After that, you have to push your feet back from the squat position, leading your body to land in a plank position.
For here, you have to jump back to an earlier squat position and jump upward in the air.
When you come down, then land into a squat position and repeat the exercise.
In the beginning, doing burpees can be difficult, but they work really well in delivering better results to lose weight because it is a calorie-burning exercise.
12. Lunge Jumps
These lunge jumps are a fantastic way to increase both your lower body strength and your cardio endurance.
Lunge jumps are similar to how you would perform a regular lunge. But slightly different in variation.

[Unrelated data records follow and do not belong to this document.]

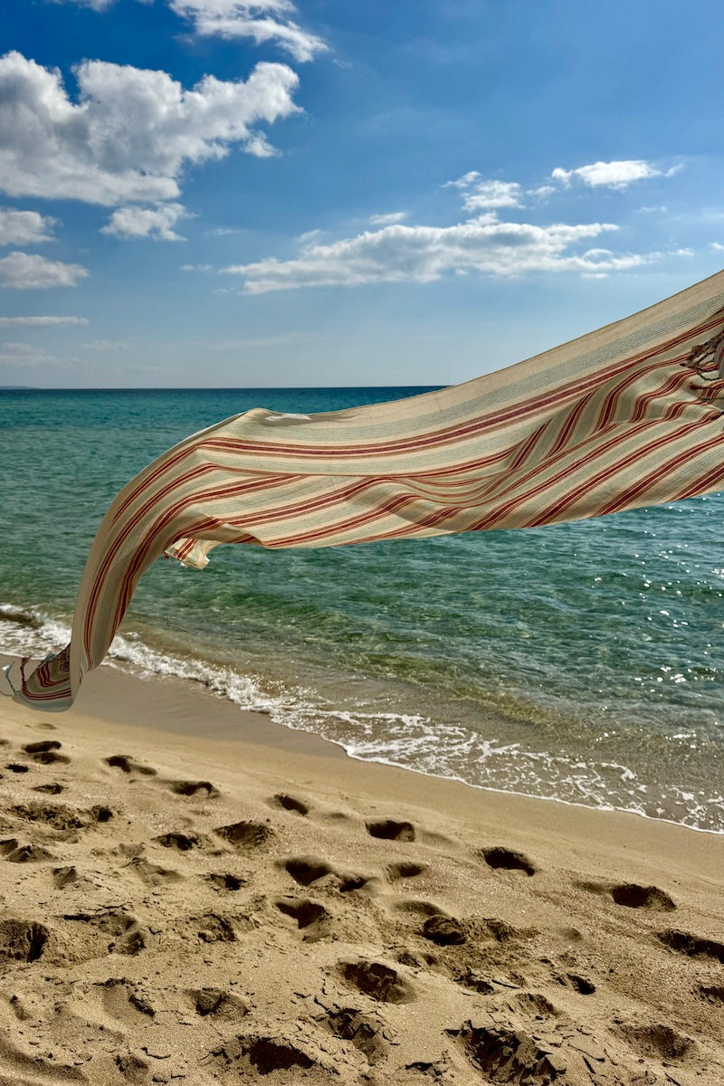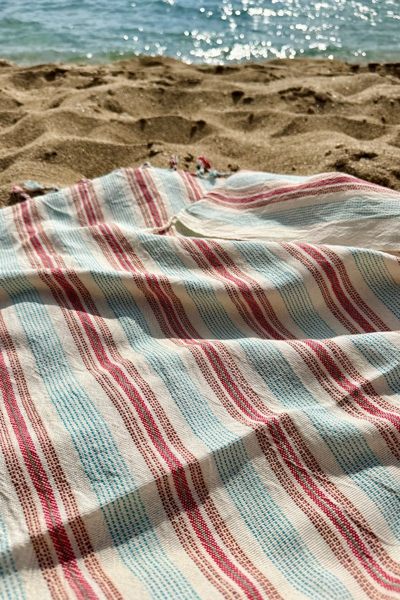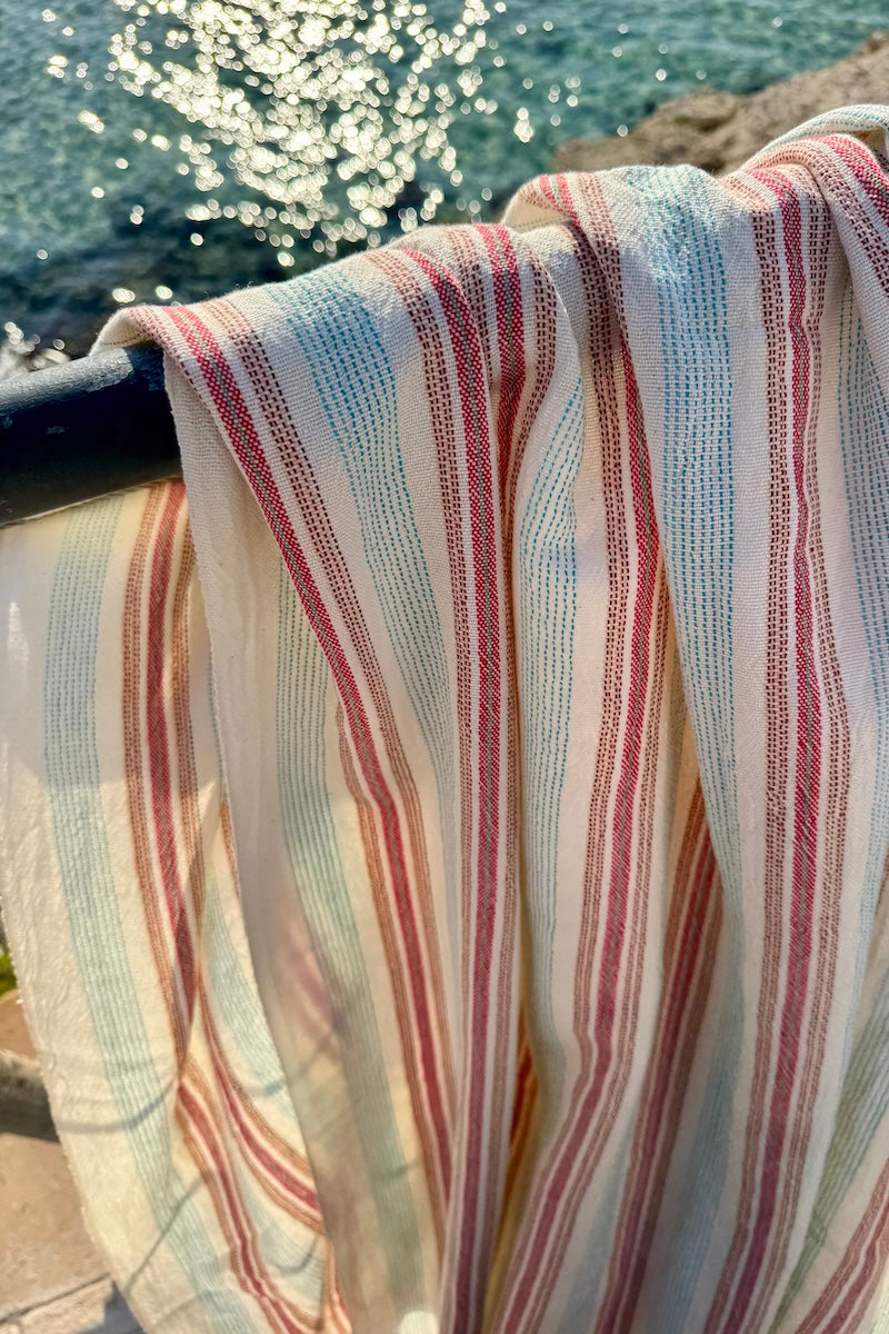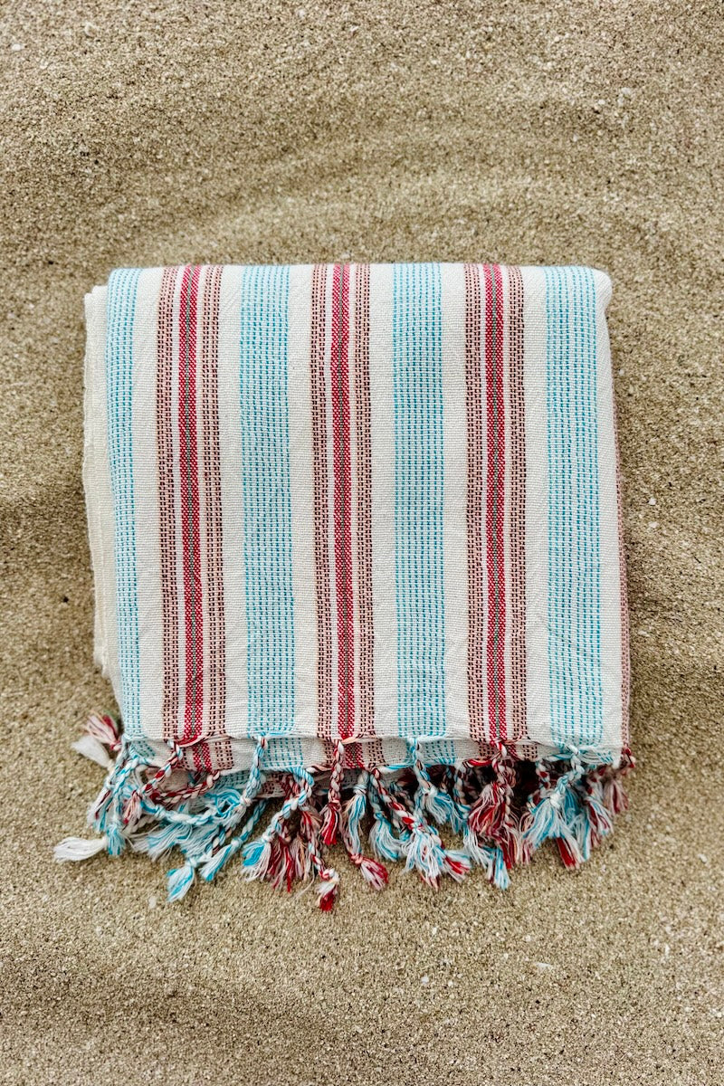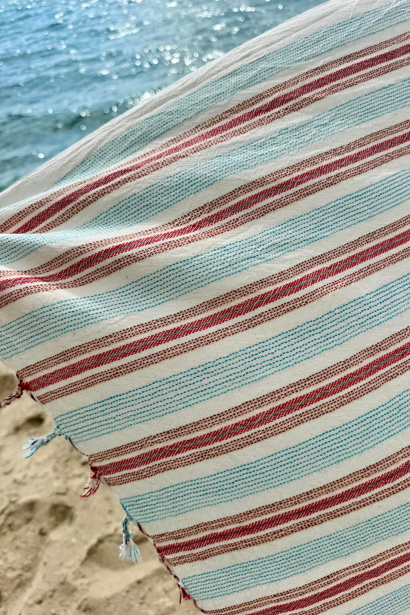The Hazan is part of our small-batch drop for autumn, handwoven from cotton in turquoise and terracotta stripes.
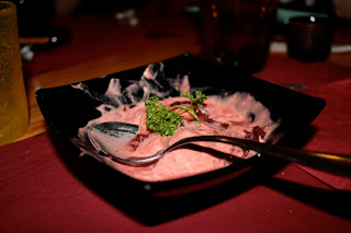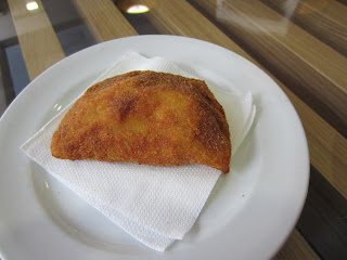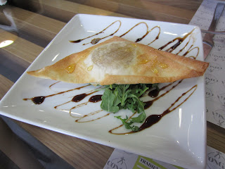 Quando chegamos lá já estava na mesa uma cesta com algumas variedades de pão e uma pasta de azeitonas e tomate. De entrada foi-nos servido uns croquetes de vegetais com tzatziki (molho de yogurte grego). Para prato principal podíamos escolher uma de 2 opções, mas como nós éramos 2 escolhemos os 2 pratos e dividimos ao meio, é que assim deu para experimentar ambos.
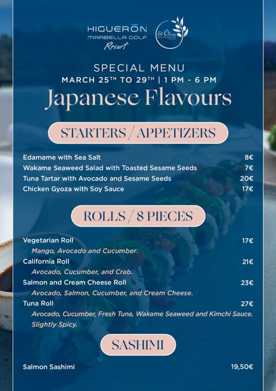 From March 25th to 29th, the kitchen at Higuerón Marbella Golf Resort will transform to offer a unique culinary experience inspired by the traditions of Japanese gastronomy. For five days, food lovers will be able to enjoy a special proposal that pays tribute to the delicate balance of flavours, textures and presentation that defines Japanese cuisine.
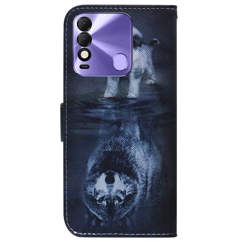 Θήκη τηλεφώνου από δέρμα με έγχρωμο σχέδιο για Tecno Spark 8 / 8T (Λύκος και Σκύλος)
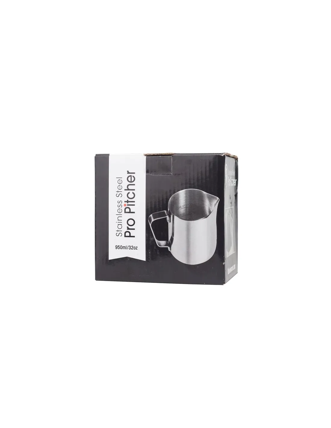Rhinowares professional milk jug made of 1mm thick stainless steel with a capacity of 950 ml.
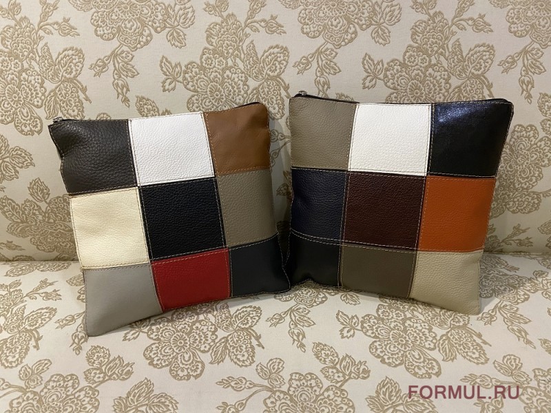 Изделие выполнено из натуральной кожи, выкрашено красками, безопасными для здоровья. Швы между лоскутами надежно фиксируют модель и придают ей формы. Такие творения сделают более комфортабельными диван, подоконник, кровать, лавочки – все то, что хочется оформить более мягким, более теплым.
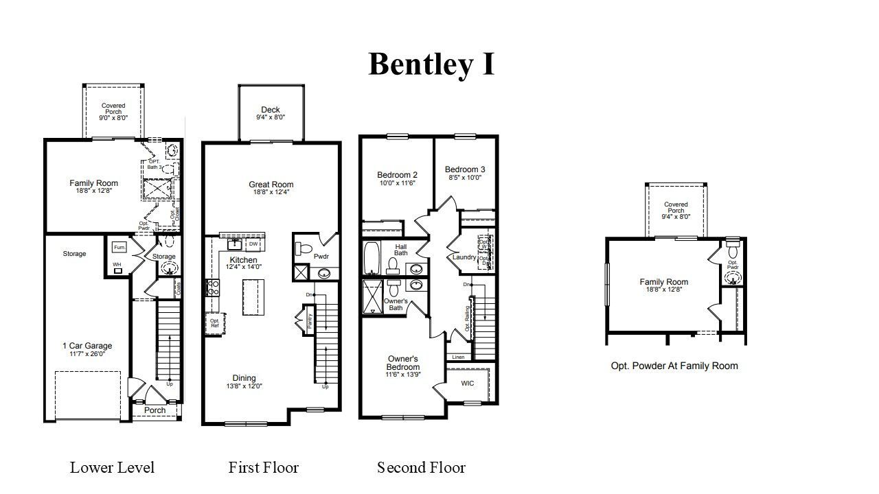 3 Story Townhomes with Family Room, Island Kitchen, Patio & Deck.

You can start these exercises in the same way as if you were to make a normal lunge, but at the point of returning to a standing position, you are going to straight up into the air, jumping as much as you can.
If you are a beginner in bodyweight workouts, I would recommend you start basic lunge and work your way up to lunge jumps.
13. High knees
These high knee bodyweight exercises help you to improve your lower body strength.
High knees are a high-step drill exercise, and remember to pump your arms to get your knees at more height.
14. Butterfly Sit-ups
This butterfly situp exercise will help you to get abs and burn fat from your stomach.
To perform this exercise, you have to sit with the soles of your feet together and close to the ground. Remember to bring your torso up as tall as you can.
You have to touch the ground in front of your feet at the top of each rep.
15. V-Up
The V-Up exercise will help to increase the strength of your core body.
To perform this exercise, you have to lie down on the floor with arms extended overhead and legs straight in front of you.
Tuck your chin to your chest and up your upper body off the floor while raising your legs. Make sure your body will be in a V shape in the top position.
Then slowly down your torso and arms before you do the next rep.
Bodyweight Exercises FAQ
Is it okay to do bodyweight exercises every day?
Yes, it is okay to do body-weight exercises every day. However, if you want to train your body and can’t go to the gym, weight training is the best alternative. It does not require any external weights, and you can also do these exercises at home.
Are bodyweight exercises effective for losing weight?
Is switching from weights to bodyweight exercises good? Yes, you can lose weight by doing bodyweight exercises. In addition, bodyweight exercises don’t need expensive equipment, and you can also do these exercises at home.